Prompt:
Retype the listing exactly; omit pictures.

Raw data:
>>>>>

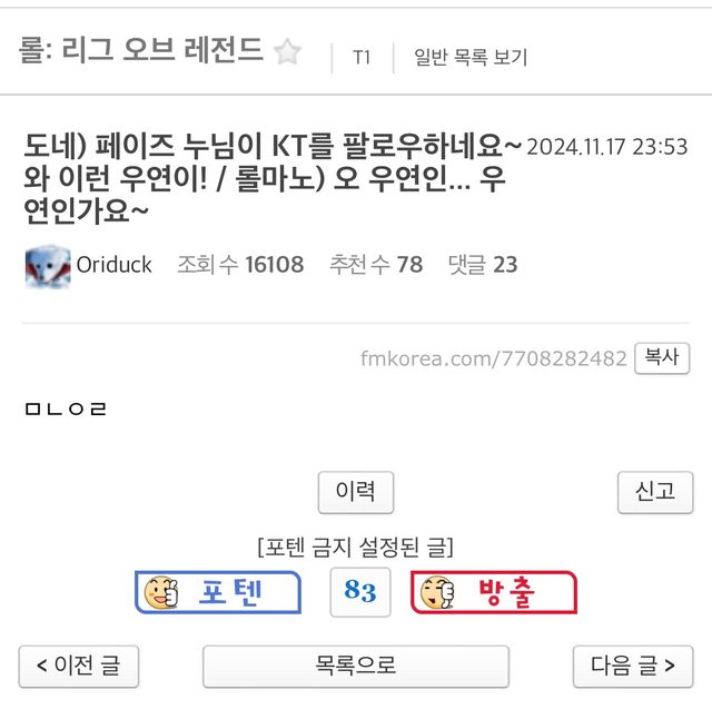 推 freesakura : 這裡就T1個版啊 LCK乳摸是討論LCK所有選手動向的地 11/18 09:32
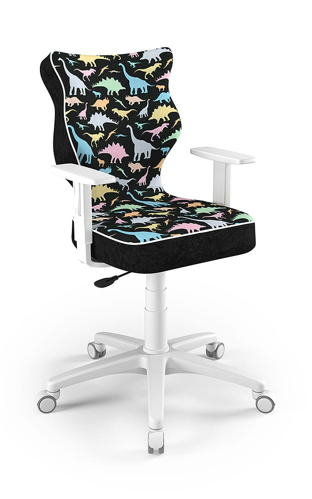 Krzesło do biurka dla dziecka dopasowane do wzrostu 146-176,5 cm, model Duo motyw dinozaury obrotowe
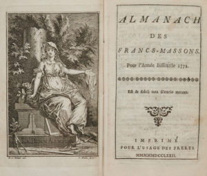 ALMANACH DES FRANCS-MASSONS. 1769 et 1772. 2 volumes. — 1769 : 48-(2 blanches) pp. ; étiquette manuscrite sur le premier plat. — 1772 : 48-(2 blanches) pp. ; reliure frottée.
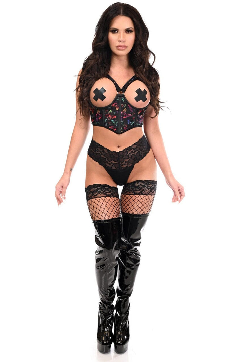Lavish Neon Butterfly Underwire Open Cup Lycra Cincher w/Criss Cross Back

<<<<<

Answer space:
 推 freesakura : 這裡就T1個版啊 LCK乳摸是討論LCK所有選手動向的地 11/18 09:32
 Krzesło do biurka dla dziecka dopasowane do wzrostu 146-176,5 cm, model Duo motyw dinozaury obrotowe
 ALMANACH DES FRANCS-MASSONS. 1769 et 1772. 2 volumes. — 1769 : 48-(2 blanches) pp. ; étiquette manuscrite sur le premier plat. — 1772 : 48-(2 blanches) pp. ; reliure frottée.
Lavish Neon Butterfly Underwire Open Cup Lycra Cincher w/Criss Cross Back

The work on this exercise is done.